If used on a subfolder, the behavior is similar but need to be careful to include the slash when listing a folder. For example, the following does not include the slash. This lists all the software products that have names starting with tstool, of which there are 3 matching products.

$ aws s3 ls s3://software.openwaterfoundation.org/tstool --profile default
                           PRE tstool-aws-plugin/
                           PRE tstool-kiwis-plugin/
                           PRE tstool/

The following does include the trailing slash. This lists all the software versions for the tstool/ software product folder. Note that the tstool/ folder is not itself listed, which is different from some of the Java SDK examples shown in a later section.

$ aws s3 ls s3://software.openwaterfoundation.org/tstool/ --profile default
                           PRE 13.04.00.dev/
                           PRE 14.0.3/
                           PRE 14.2.2/
                           PRE 14.3.0/

The other extreme is to list all files recursively, for example as shown below. Again, neglecting to including the trailing slash will list multiple software products but in the following example the trailing slash is included in the command. Note that in this case the tstool/ folder is included in the result because of the recursive listing.

 $ aws s3 ls s3://software.openwaterfoundation.org/tstool/ --recursive --profile default
2021-06-09 16:52:15          0 tstool/
2021-06-09 16:52:42          0 tstool/13.04.00.dev/
2021-06-09 16:56:13          0 tstool/13.04.00.dev/software/
2021-06-09 16:56:43   60920719 tstool/13.04.00.dev/software/TSTool-linux-13.04.00.dev.2106091606.run
2021-11-27 01:08:57          0 tstool/14.0.3/
2021-11-27 01:09:17          0 tstool/14.0.3/software/
2021-11-27 01:10:05   62927075 tstool/14.0.3/software/tstool-linux-14.0.3-2111270031.run
2021-11-29 16:47:44   62926814 tstool/14.0.3/software/tstool-linux-14.0.3-2111291622.run
2022-04-07 23:31:10          0 tstool/14.2.2/
2022-04-07 23:31:20          0 tstool/14.2.2/software/
2022-04-07 23:31:52   60842118 tstool/14.2.2/software/tstool-linux-14.2.2-2204072255.run
2022-08-02 13:21:02          0 tstool/14.3.0/
2022-08-02 13:21:17          0 tstool/14.3.0/software/
2022-08-02 13:21:48   64297447 tstool/14.3.0/software/tstool-linux-14.3.0-2208021257.run

In summary, for aws s3 ls:

  • if a trailing slash is added to the requested object path, the default behavior is to list objects in that virtual folder, but do not recursively list sub-folders
  • the --recursive parameter is necessary to list all virtual sub-folders and their files
  • the CLI command does not support * wildcarding or other regular expression matching (using * tries to match a prefix containing the literal * character and nothing will be returned)

Java SDK

This section evaluates how to achieve similar results to the above section using the Java SDK.
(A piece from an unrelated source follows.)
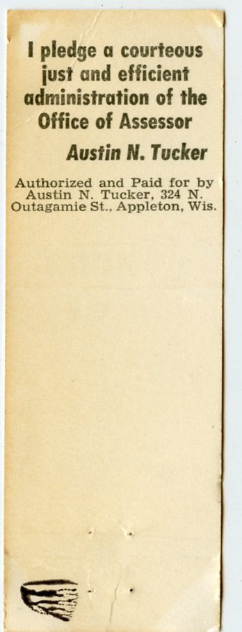 Austin N. Tucker for Assessor, Appleton, WI Matchbook Cover
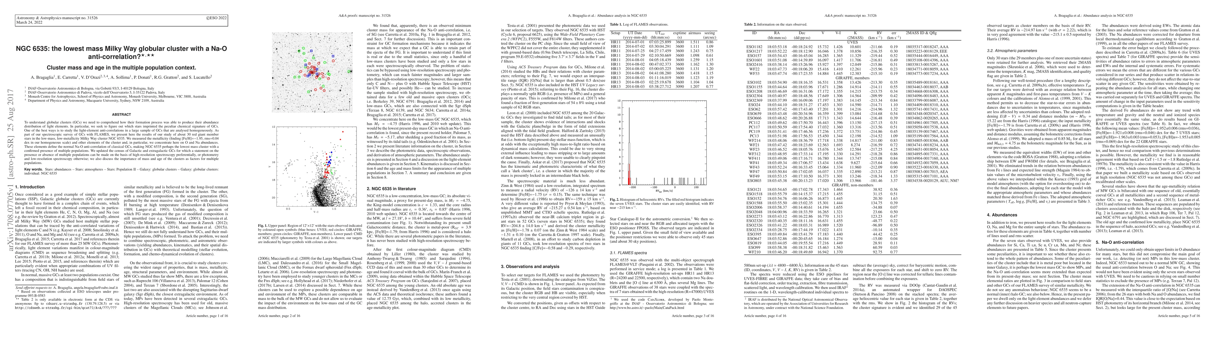To understand globular clusters (GCs) we need to comprehend how their formation process was able to produce their abundance distribution of light elements. In particular, we seek to figure out which stars imprinted the peculiar chemical signature of GCs. One of the best ways is to study the light-element anti-correlations in a large sample of GCs that are analysed homogeneously. As part of our spectroscopic survey of GCs with FLAMES, we present here the results of our study of about 30 red giant member stars in the low-mass, low-metallicity Milky Way cluster NGC 6535. We measured the metallicity (finding [Fe/H]=-1.95, rms=0.04 dex in our homogeneous scale) and other elements of the cluster and, in particular, we concentrate here on O and Na abundances. These elements define the normal Na-O anti-correlation of classical GCs, making NGC 6535 perhaps the lowest mass cluster with a confirmed presence of multiple populations. We updated the census of Galactic and extragalactic GCs for which a statement on the presence or absence of multiple populations can be made on the basis of high-resolution spectroscopy preferentially, or photometry and low-resolution spectroscopy otherwise; we also discuss the importance of mass and age of the clusters as factors for multiple populations.

The S3Client listObjectsV2 method to list objects given a bucket, prefix, and delimiter. Using the prefix and delimiter require using the CommonPrefix in the response whereas getting a full list of files uses the S3Object list from the response. There are some nuances to the behavior, as illustrated in the following examples.

The ListObjectsV2 documentation says the following about the delimiter in one of the examples:

The element is a substring that starts at the beginning of these keys and
ends at the first occurrence of the specified delimiter.

Consequently, when the delimiter is specified, the returned result should be those that match the prefix and the result will include strings up to and inclusive of the delimiter. The documentation could be more explicit about being inclusive of the delimiter.

Top-level bucket folder

Below is a table with results using different input to list the top level bucket folder. This is using the software.openwaterfoundation.org bucket, which is somewhat large, to get an idea about performance. Images are included to illustrate the responses.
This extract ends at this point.